● **EXERCISE DATA**:
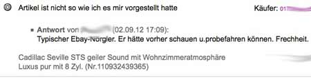 Ganz beliebt ist es inzwischen offenbar geworden, den Artikel als „entspricht nicht ganz der Artikelbeschreibung“ bzw. „Artikel ist anders als erwartet“ zu melden und dann in eine Nachverhandlung einzutreten. Da fehle dann der Y-Stöpsel oder die tibetanische Anleitung oder es sei ein winziges Haar mit in der Packung gewesen oder -wie auch immer- der Karton habe nach Kuhscheiße, Pappe oder Stadtluft gerochen. Kein Argument ist da zu blöde, um nicht nachträglich noch 10 oder 20% Preisnachlass heraus zu schinden.
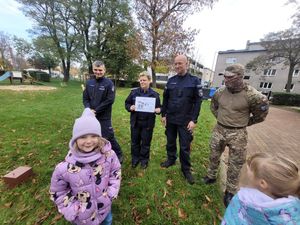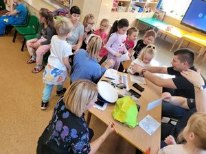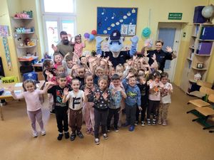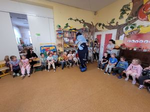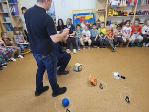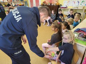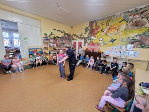 Technik kryminalistyki opowiedział o tym, na czym polega jego praca i pokazał jak zabezpiecza i utrwala ślady. Przedszkolaki chętnie robiły sobie odbitki palców. Dzieci zostały obdarowane kartami z zadaniami oraz kolorowankami. Były też upominki w postaci balonów.
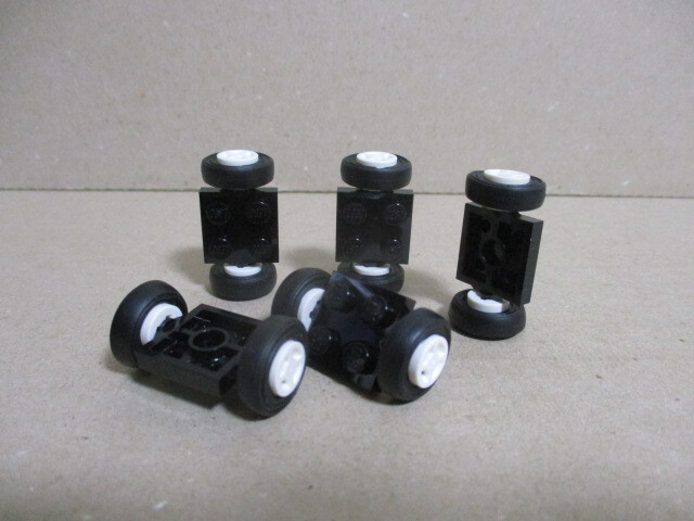 - レゴ パーツ 細タイヤ 黒プレート白ホイール 5セット 新品
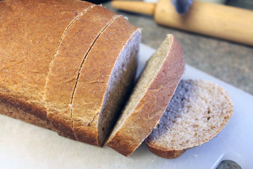 Slice homemade bread into pieces one inch thick. You’ll want to use a good hearty bread that will hold up to the soaking. In fact, this is a perfect use for bread that is a couple days old and has gotten rather dry and stale.

● **WORK INSTRUCTIONS**:
Through the line containing "- レゴ パーツ 細タイヤ 黒プレート白ホイール 5セット 新品" and no further, restate the data above word for word from its first line, leaving out pictures.

● **EXERCISE ANSWER**:
 Ganz beliebt ist es inzwischen offenbar geworden, den Artikel als „entspricht nicht ganz der Artikelbeschreibung“ bzw. „Artikel ist anders als erwartet“ zu melden und dann in eine Nachverhandlung einzutreten. Da fehle dann der Y-Stöpsel oder die tibetanische Anleitung oder es sei ein winziges Haar mit in der Packung gewesen oder -wie auch immer- der Karton habe nach Kuhscheiße, Pappe oder Stadtluft gerochen. Kein Argument ist da zu blöde, um nicht nachträglich noch 10 oder 20% Preisnachlass heraus zu schinden.
 Technik kryminalistyki opowiedział o tym, na czym polega jego praca i pokazał jak zabezpiecza i utrwala ślady. Przedszkolaki chętnie robiły sobie odbitki palców. Dzieci zostały obdarowane kartami z zadaniami oraz kolorowankami. Były też upominki w postaci balonów.
 - レゴ パーツ 細タイヤ 黒プレート白ホイール 5セット 新品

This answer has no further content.